Crucially, our content-review process is adaptable. We can configure your production line to have N reviewers per content-review cycle and to go through a max of Y content-review cycles. These settings ratchet the accuracy higher and higher. Naturally, increasing the number of reviewers or content-review cycles also ratchets up the cost—so your business needs will drive how much you invest to move the accuracy needle higher and higher.
Data science isn’t just another step in our accuracy-building process, but an ethos that pervades our way of doing things. We use data science to analyze, improve, and demonstrate many of the elements that we’ve discussed so far. Our team of four full-time data scientists identify powerful trends in data in order to make our product increasingly useful to your business-process workflow.

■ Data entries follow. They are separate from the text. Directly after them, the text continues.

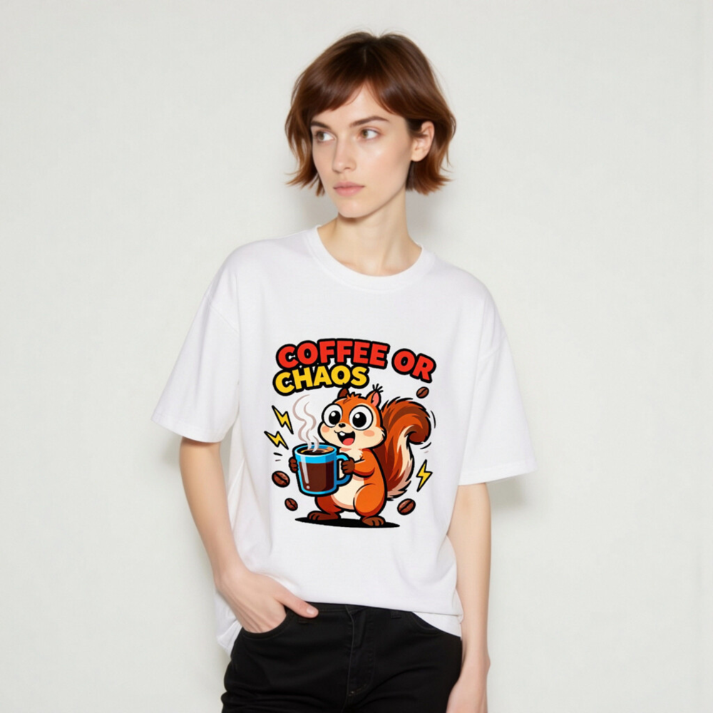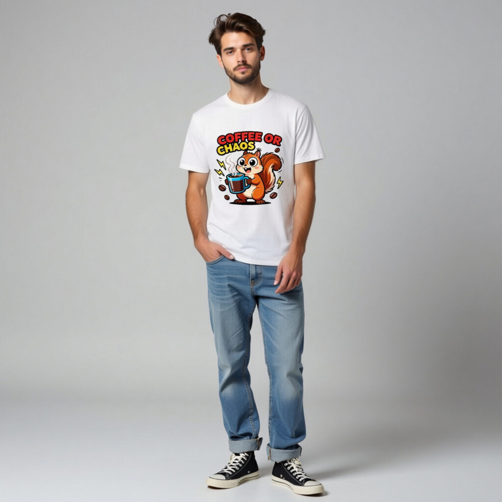 Coffee or Chaos Squirrel T-Shirt | Unisex Organic Cotton Tee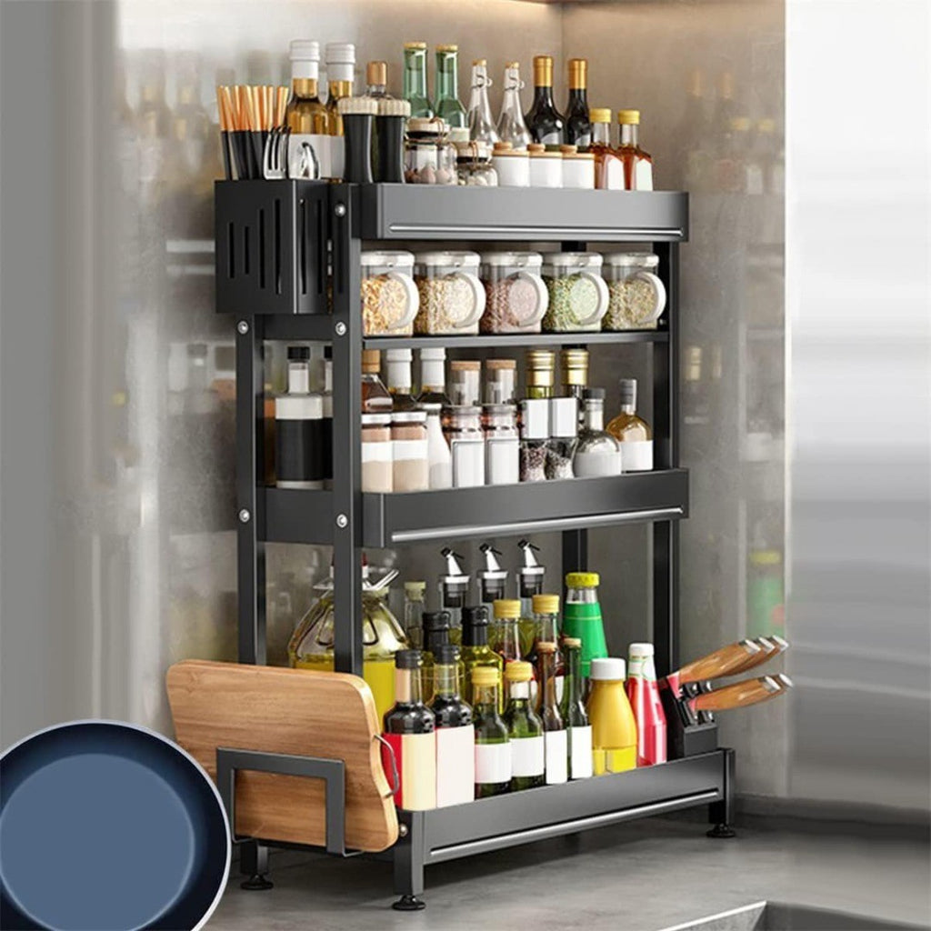 - Multifunctional Kitchen Organization: The spice rack is perfect for storing spices, herbs, jars, tea bags, cereals, preserves, salt, pepper, oils, condiments, sauces, and more, but also as a storage rack for bathroom. Save space and stay away from mess, keep your kitchen counter clean.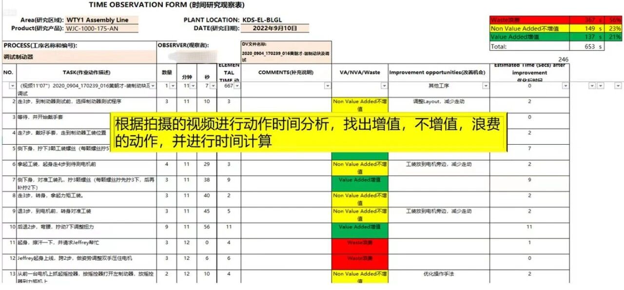 En tant que premier outil d'amélioration systématique introduit en interne, l'analyse du temps a accumulé une solide expérience d'amélioration. Il a également joué un rôle pionnier dans la démarche globale d’amélioration de VSM, servant à la fois de continuation des améliorations précédentes et de lien vers les améliorations ultérieures spécifiques au projet. Les équipes d’amélioration ont affecté du personnel dédié pour filmer les opérations des employés à chaque processus conformément aux principes d’horaires de travail standard. Les membres de l'équipe et même les employés de première ligne ont examiné conjointement les vidéos à plusieurs reprises, décomposé et analysé les mouvements de travail et mené un brainstorming collectif pour identifier les opportunités d'amélioration et proposer des suggestions, pour finalement formuler un plan d'amélioration.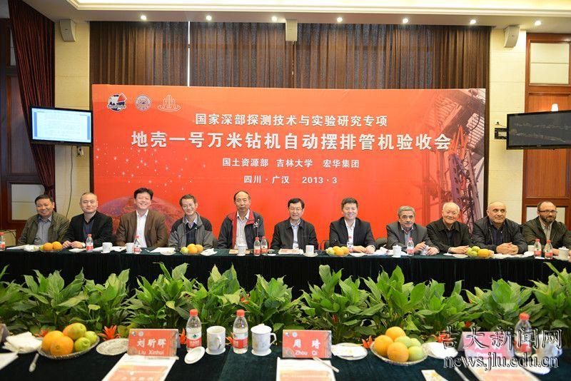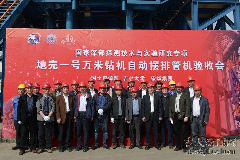 3月27日,深部探测专项(SinoProbe)组织中外同行专家,对吉林大学承担的“深部大陆科学钻探装备研制”课题的阶段性研究成果“地壳一号”万米钻机自动摆排管机进行了现场验收。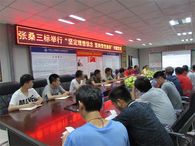 近日,公司张桑三标举办了“坚信理想信念 坚持党性修养”学习教育专题党课暨党支部民主评议党员活动。项目领导班子、全体党员、各部门负责人参加会议。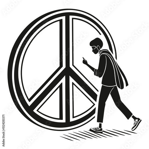 © MST CHIN BANU BEGUM, Obraz premium Person walking past giant peace symbol illustration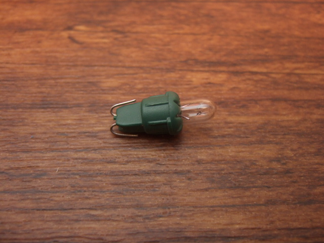 今時LEDやないのが商品として存在するんですねぇ。ともかく調べてみたら、思った通り一つが物理的に破損してました。また都合がいいことにソケット形状になってたんで、手持ちの適当な球をあてがってみたところ 無事全点灯するようになりました。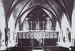 30[17] | 1914 beim Abbruch der Vorgängerkirche blieben weder das Pfeifenwerk noch das Barockprospekt erhalten. Lediglich sieben Pfeifenreihen wurden noch bis 1938 in einer kleinen Orgel in St. Kilian genutzt.[18] | |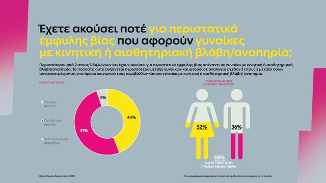 - Περισσότερα από 2 στα 5 άτομα δηλώνουν ότι έχουν ακούσει για περιστατικό έμφυλης βίας σε γυναίκα με αναπηρία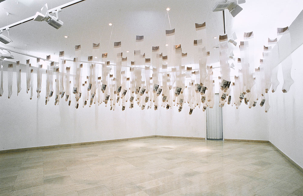 …žena je žena je žena je…, 1997. ambijent izveden od 200 najlon čarapa i c/b fotografija sa ili bez aplikacija Galerija Miroslav Kraljević …žena je žena je žena je… 10. – 28. 3. 1997. 1997.
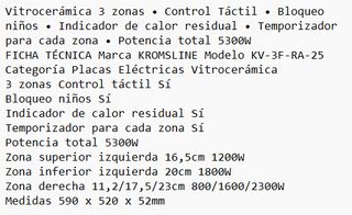 Vitrocerámica Kromsline KV-3F-RA-25 en buen estado. Cuenta con tres zonas de cocción. - Diseño moderno y elegante. - Fácil de limpiar.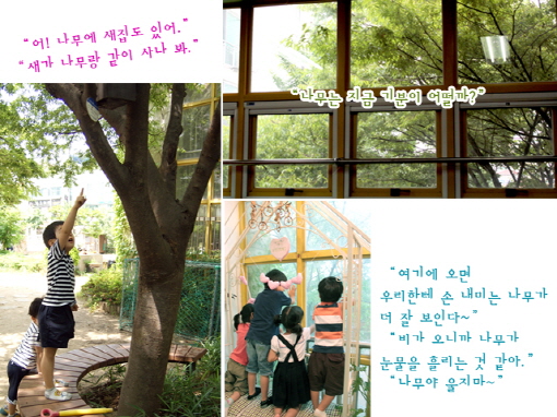 어린이들의 눈에 발견된 나무는, 그저 한 그루의 나무가 아니라 우리들과 같이 생각하고 감정을 가진 나무로 다시 태어나고 있는 것 같습니다.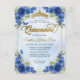 Marinho Botânico Floral Azul Dourado Tiara Crown Sparkle Glitter RSVP Birthday Quinceañera Convite
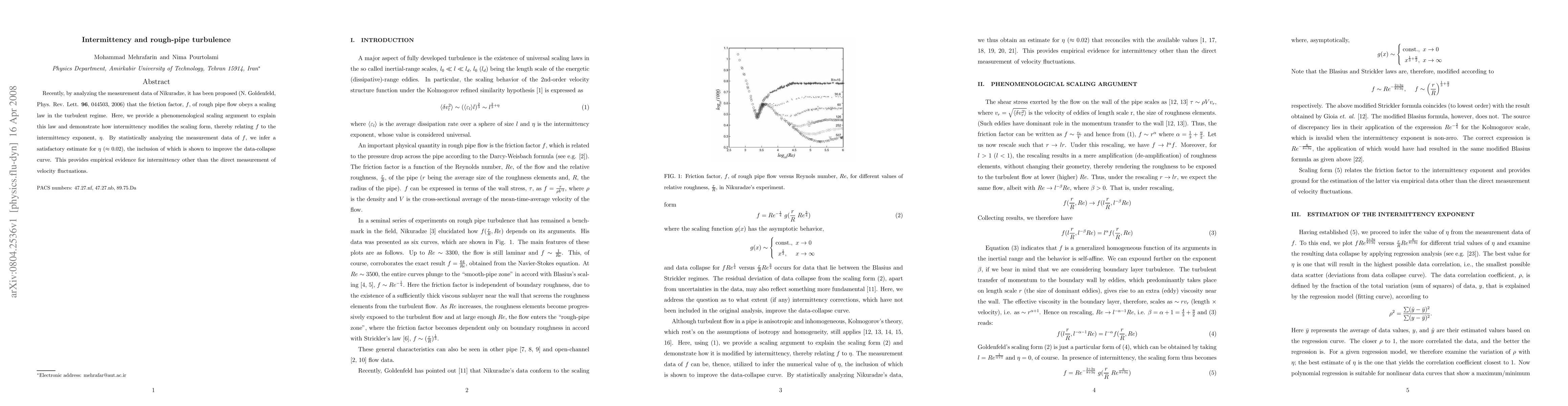 This paper proposes a scaling law for the friction factor in turbulent rough-pipe flow, explaining it through a phenomenological argument and demonstrating how intermittency modifies this scaling. The analysis of measurement data estimates the intermittency exponent ($\eta \approx 0.02$), which improves the data-collapse curve, providing empirical evidence for intermittency.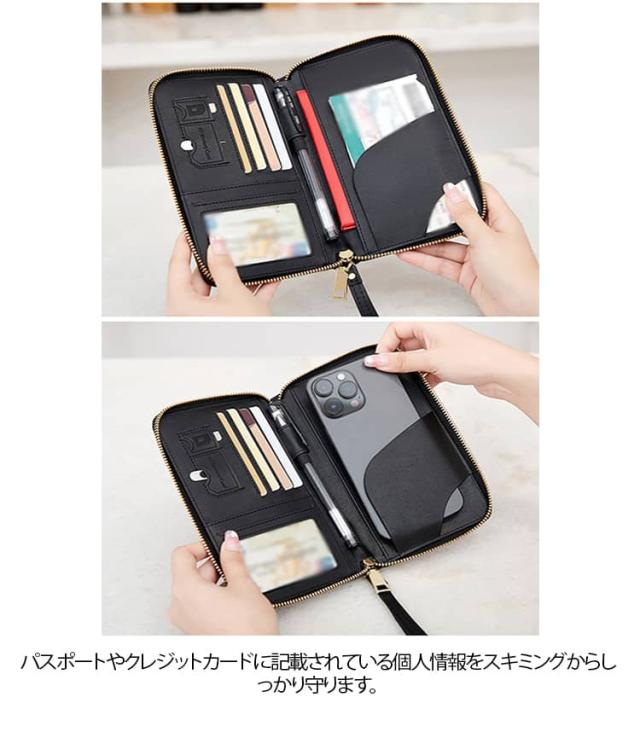 | スキミング防止素材を採用しているので安心して持ち歩きが可能。 パスポートやクレジットカードに記載されている個人情報をスキミングからしっかり守ります。 持ち歩きに便利なコンパクトサイズ、バッグに入れても邪魔にならず、持ち歩きにも便利。 多機能収納ポケット パスポートはもちろん、紙幣を収納できるポケットも設置し、 旅行に必要なアイテムをこれ1つにまとめることができます。 手触りが良いPUレザー製で水や汚れにも強い素材なのも嬉しいポイント♪ 旅行に必要なアイテムをこれ1つに収納可能です。 | |
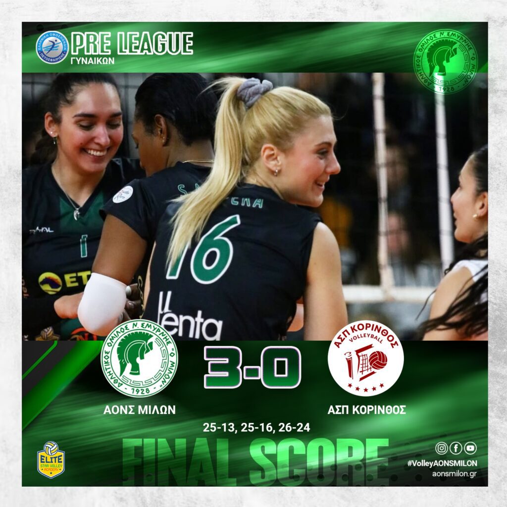 Α.Ο.Ν.Σ. Μίλων – Α.Σ.Π. Κορίνθου 3-0 (25-13, 25-16, 26-24) Διαιτητές: Τσίτσικας, Βλάχος, Παρατηρητής: Τσιμπινός. Α.Ο.Ν.Σ. ΜΙΛΩΝ (Γιώργος Δεναξάς): Αγγελοπούλου, Σάντος, Λουκά, Γκρέκα, Καρακύκλα,…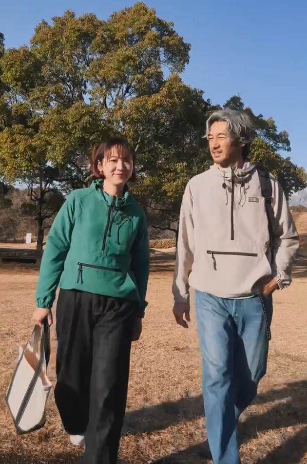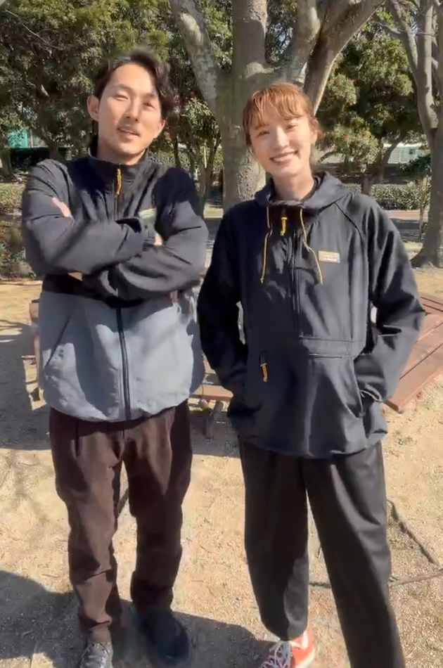 夫婦でエルエルビーンを着て、近くの公園まで自転車で良い運動になりました!

Our data science drives our confidence in our results. With our reputation and content-review data, we can also publish a composite confidence index from the various indicators that make us highly confident in the result being accurate or that perhaps the indicators point to this particular task being an especially difficult one.
Pushing field level accuracy from 95% to 96% takes a lot less effort than moving the needle from 98% to 99%. But in cases where accuracy is critical—say, electronic medical records or accounts payable documents —CloudFactory is ready to fight this good fight for you.